To understand the approach of these researchers, we must begin by explaining how difficult it is to locate these celestial bodies, known by the English acronym FFP (for free-floating planets, or planets floating freely in space). In the absence of a host star, the classical methods of detecting exoplanets, which aim to measure the gravitational influence of these on their star or their passage in front of the stellar disk, are of no help.
Astronomers must therefore try to see them directly and are forced to target very large (several times the mass of Jupiter) and very young FFPs. Indeed, during their first millions of years of existence, these chubby babies still retain some of the heat that accompanied their birth and thus emit a little light.

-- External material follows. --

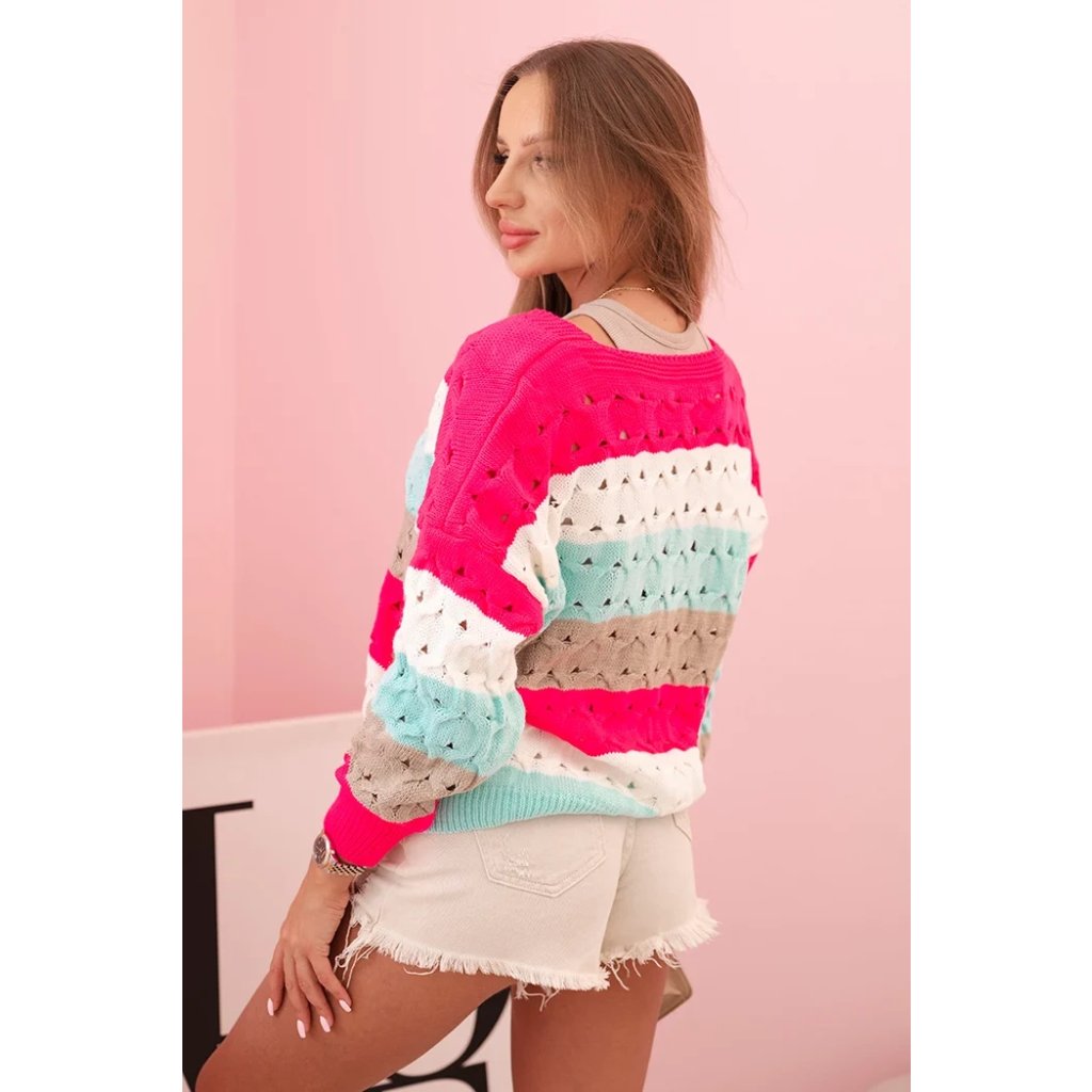 Dámský svetr s průhledným vzorem a pruhy s výstřihem do V

Forty million objects, stars and galaxies in the background
The authors of the study looked at a cluster close enough to some 4,000 very young stars, hoping that in the cluster there would also be wandering planets of the same age, still bright enough to be seen. The problem is that this cluster is spread out over a region of the firmament which, in the background, also has around forty million objects, stars or distant galaxies!
To differentiate between the wheat and the heavenly chaff, astronomers have bet on the fact that the members of the cluster all have more or less the same color, related to their age, and that, “Being born together, they will all move at the same speed and in the same direction, which allows them to be identified with a lot of robustness, compared to the rest of the objects”, specifies Hervé Bouy, professor at the University of Bordeaux and co-author of the study.

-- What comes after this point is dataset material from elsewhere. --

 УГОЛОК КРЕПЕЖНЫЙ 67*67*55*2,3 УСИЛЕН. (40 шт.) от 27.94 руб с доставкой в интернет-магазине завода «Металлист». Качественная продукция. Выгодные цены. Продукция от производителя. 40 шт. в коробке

The other problem, underlines the latter, is that the trips in question are tiny: “Either we are very patient and we take pictures several years apart to see these movements, or we take advantage of all the astronomical archives in the world. ” In addition to their own observations, Hervé Bouy and his colleagues have recovered images acquired by several telescopes over the past twenty years. In total, this represented 80,000 snapshots, or 120 terabytes of data to be calibrated to produce a catalog that the researchers then linked with those from the Gaia and Hipparcos satellites of the European Space Agency.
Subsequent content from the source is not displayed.